The show was inspired, he said, “by the idea of the lost individuals in a digital world. And living with the opinion of others, but at the same time being empowered by the entitled state. So I found that there were these two things going on. On the one hand, the weakened position that relies on the opinion of others; but at the same time, those individuals who are quite entitled. So there are these frames around the body to redefine a confidence in the body, but also it falls, it drapes.”
So was the draping meant to reflect those who have their opinions defined by others, and the frames meant to represent the assertively entitled?
Chalayan almost rolled his eyes. “It’s an aura, Luke! It’s not literal!”
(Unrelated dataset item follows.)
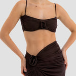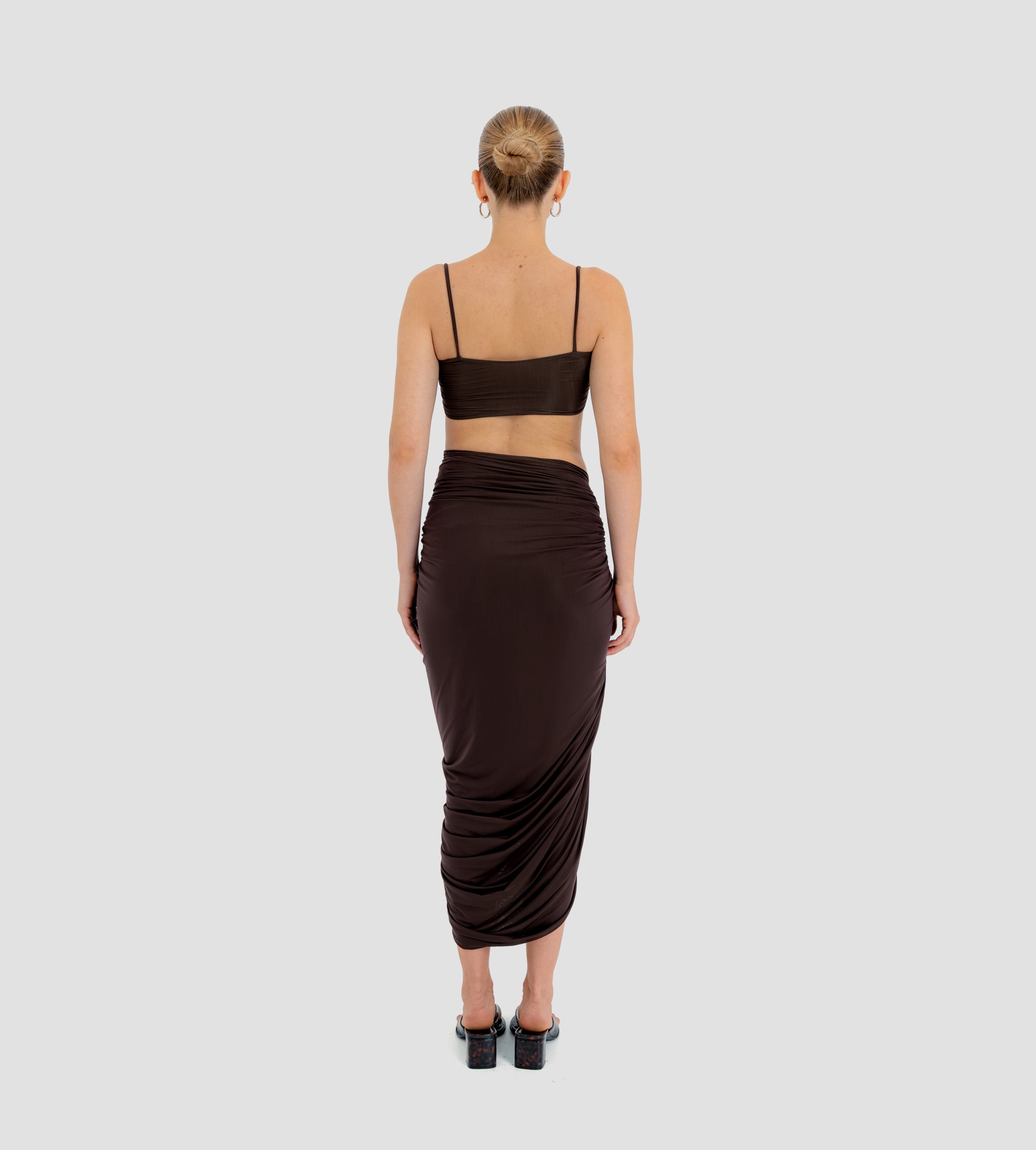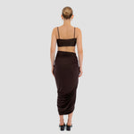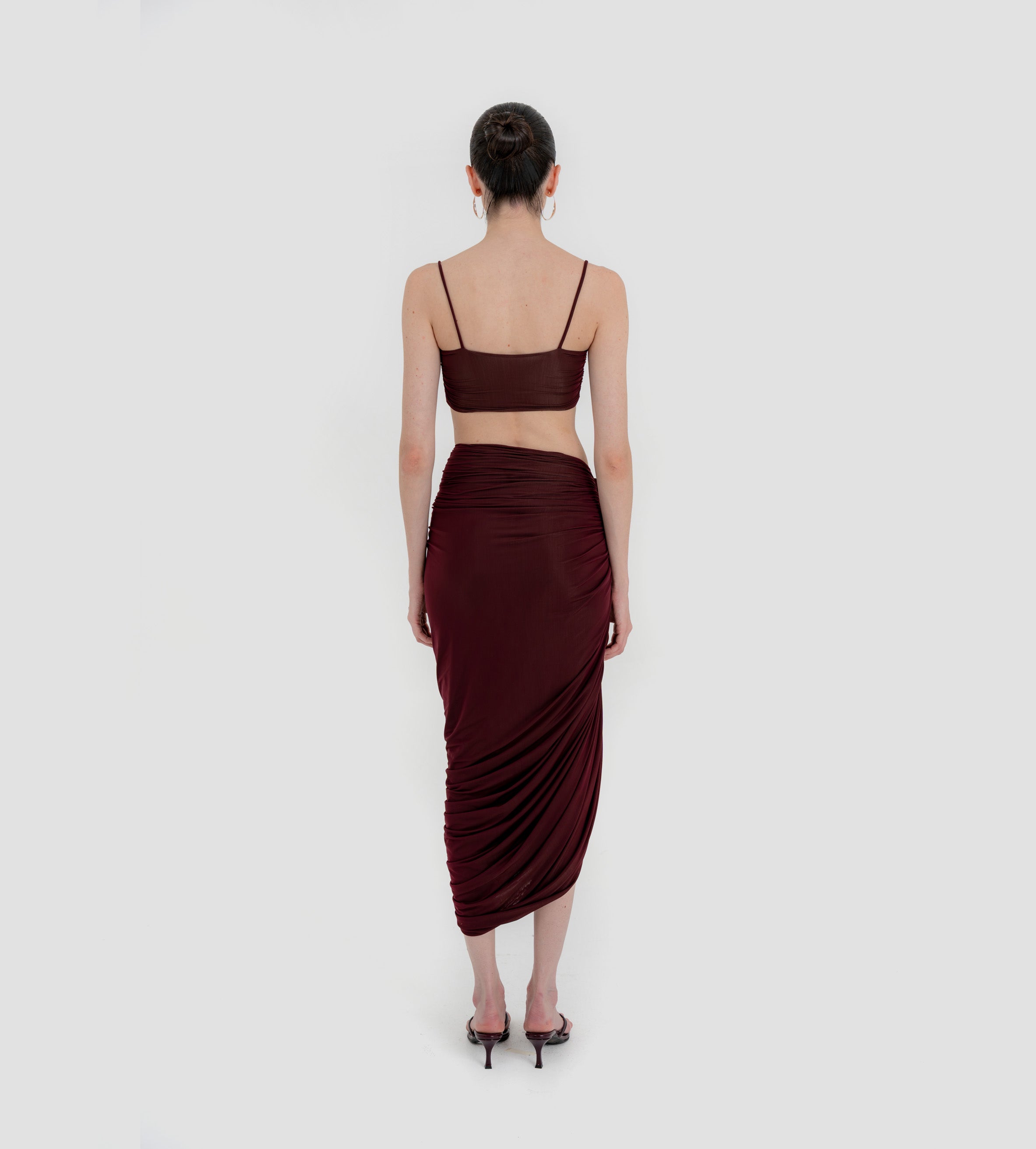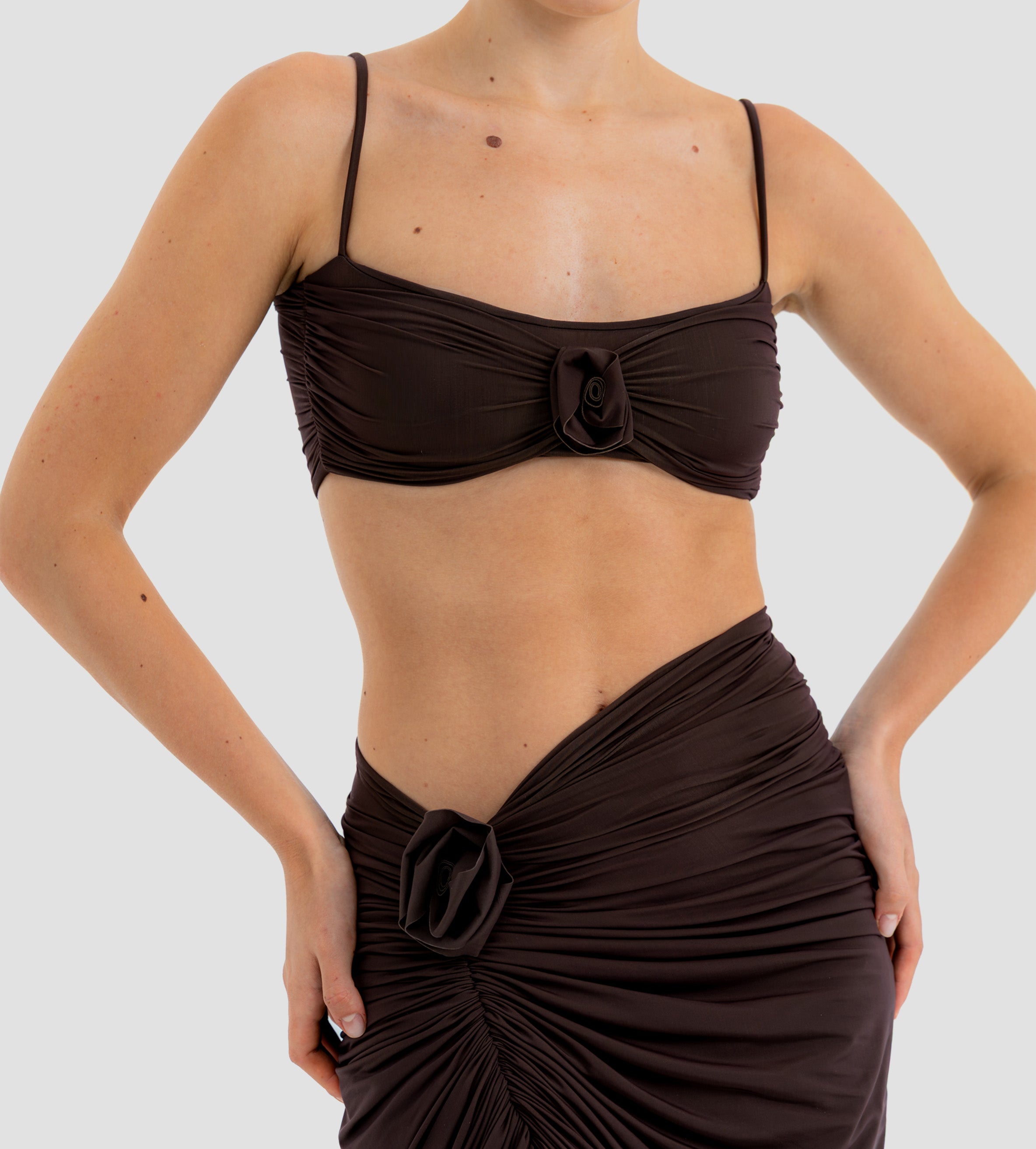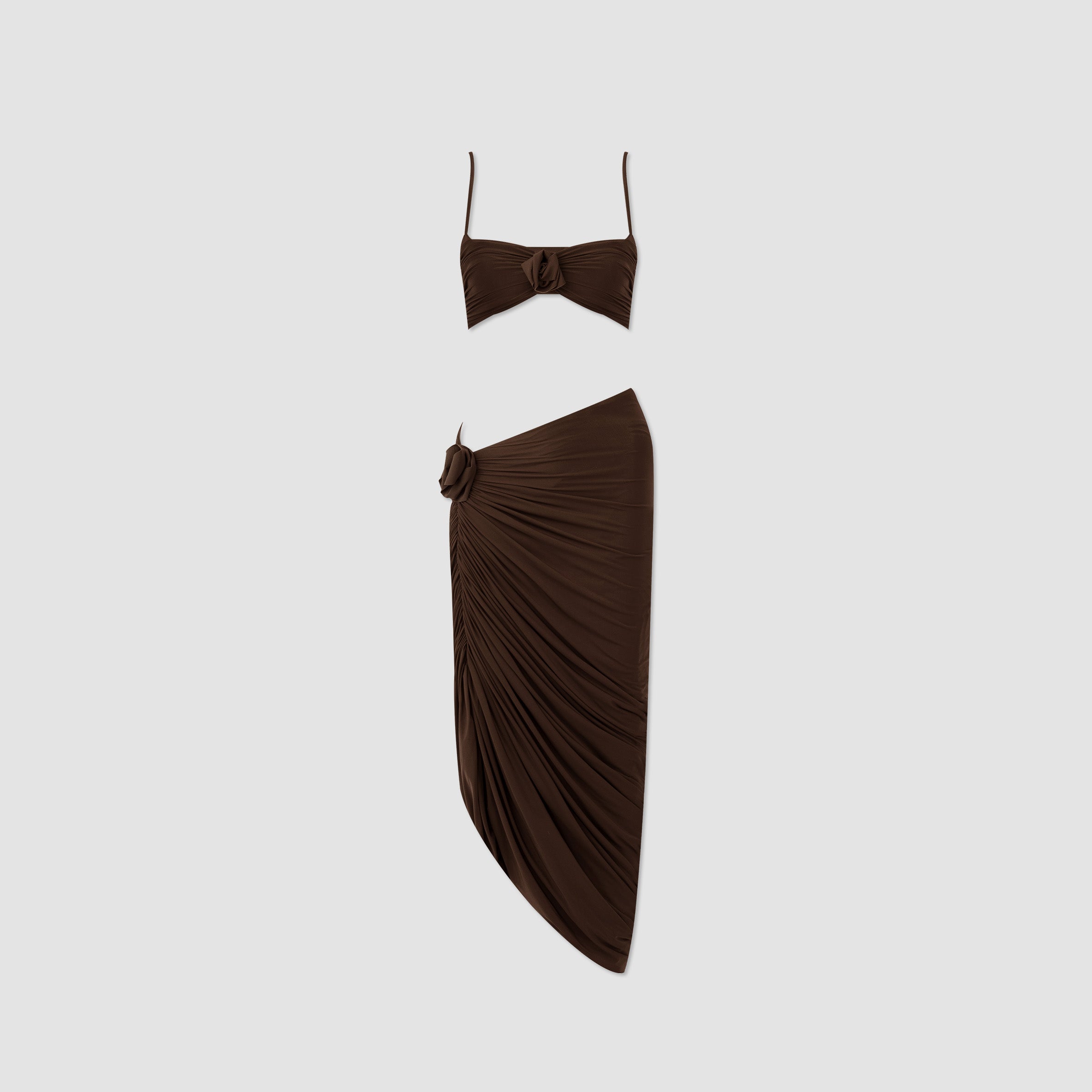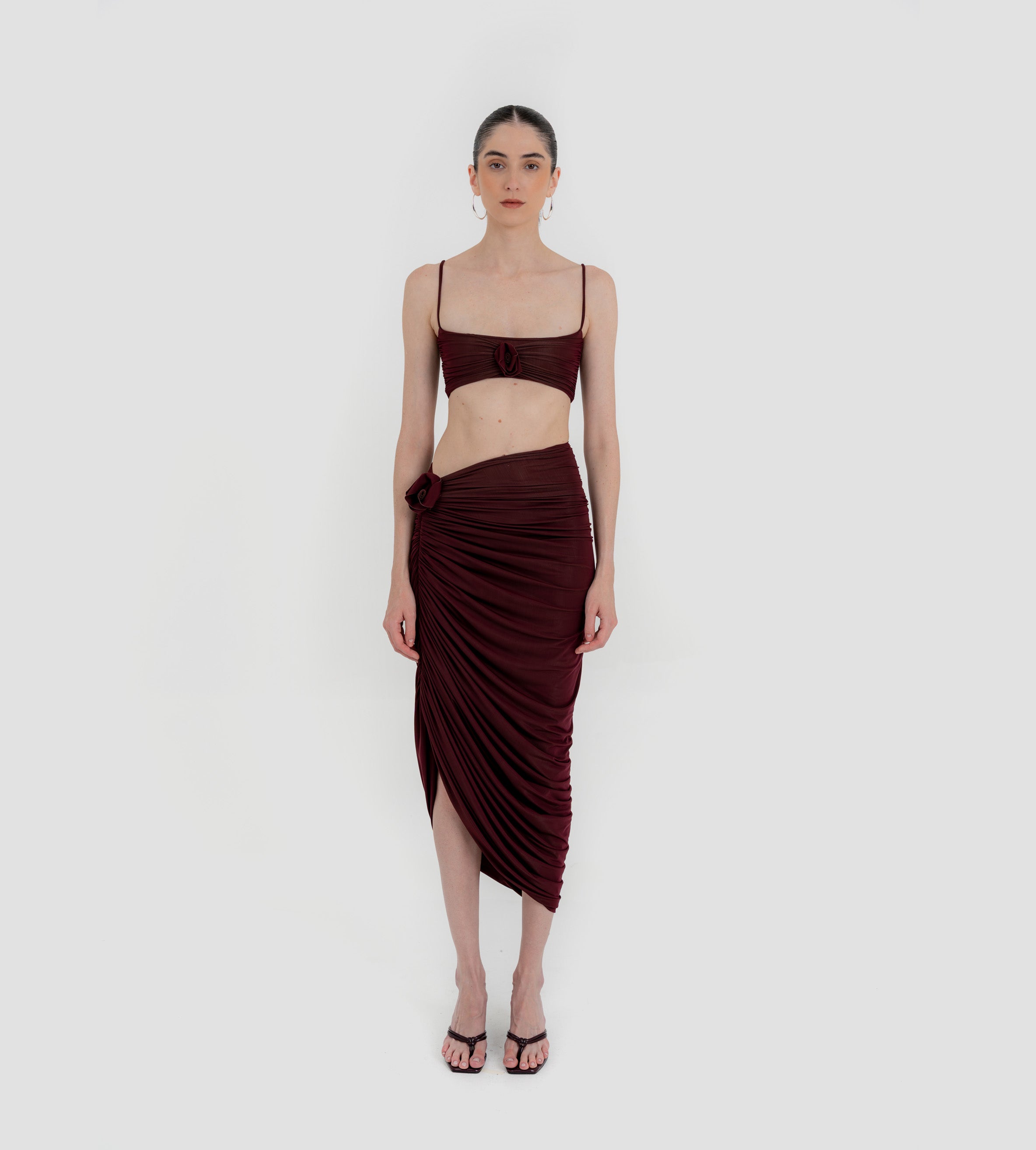 Our Medusa set features a soft straight neckline top framed by delicate thin straps. Crafted with a double-layered front, the first layer provides a smooth, fitted base, while the second features bold ruching and a central 3D floral detail. The look is paired with an asymmetric midi skirt that gathers and drapes from the side and is enhance by a delicate 3D floral embellishment.

What was literal was an opening section of gray suiting and dresses, sometimes worn with black veils and sunglasses, that featured trademark Chalayan tricksiness via carefully crafted swell and protuberance in silhouette. A white cotton shirt worn with high-waisted pants featured an extra fold of material running from neck to wrist, like the wing of a sugar bat. A fantastically cut, black double-breasted suit featured a half tail that hung from the right side of the jacket at the back below a large cut-out panel. A print of what looked like eucalyptus leaves was drawn in white dots on a black dress, the engineering of which was hard to fathom, but looked wonderful.
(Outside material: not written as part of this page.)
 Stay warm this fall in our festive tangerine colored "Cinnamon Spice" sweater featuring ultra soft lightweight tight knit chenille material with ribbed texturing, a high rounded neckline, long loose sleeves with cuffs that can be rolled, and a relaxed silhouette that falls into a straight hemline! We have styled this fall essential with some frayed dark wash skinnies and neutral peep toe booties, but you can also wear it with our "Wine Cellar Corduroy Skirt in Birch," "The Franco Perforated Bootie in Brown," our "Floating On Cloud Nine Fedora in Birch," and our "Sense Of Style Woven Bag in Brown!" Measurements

Then, the weird stuff kicked in. Two monochrome looks featured pants with wide stiff panels that protruded from the leg. A really gorgeous floral and then two plain dresses featured little fluoro strips—micro Post-it notes—that echoed the pants’ protrusions. And then, the five final looks emerged, outfits whose pin-defined decoration continued out of the dress and onto the frames the models wore on their faces. The relationship between this designer’s conceptual source code and the clothes that ensue is often obtuse—it’s not literal!—and that’s just how Hussein rolls. Something he said of this collection—“a dance between slowness and speed”—might just as much apply to his own compelling creative rhythm.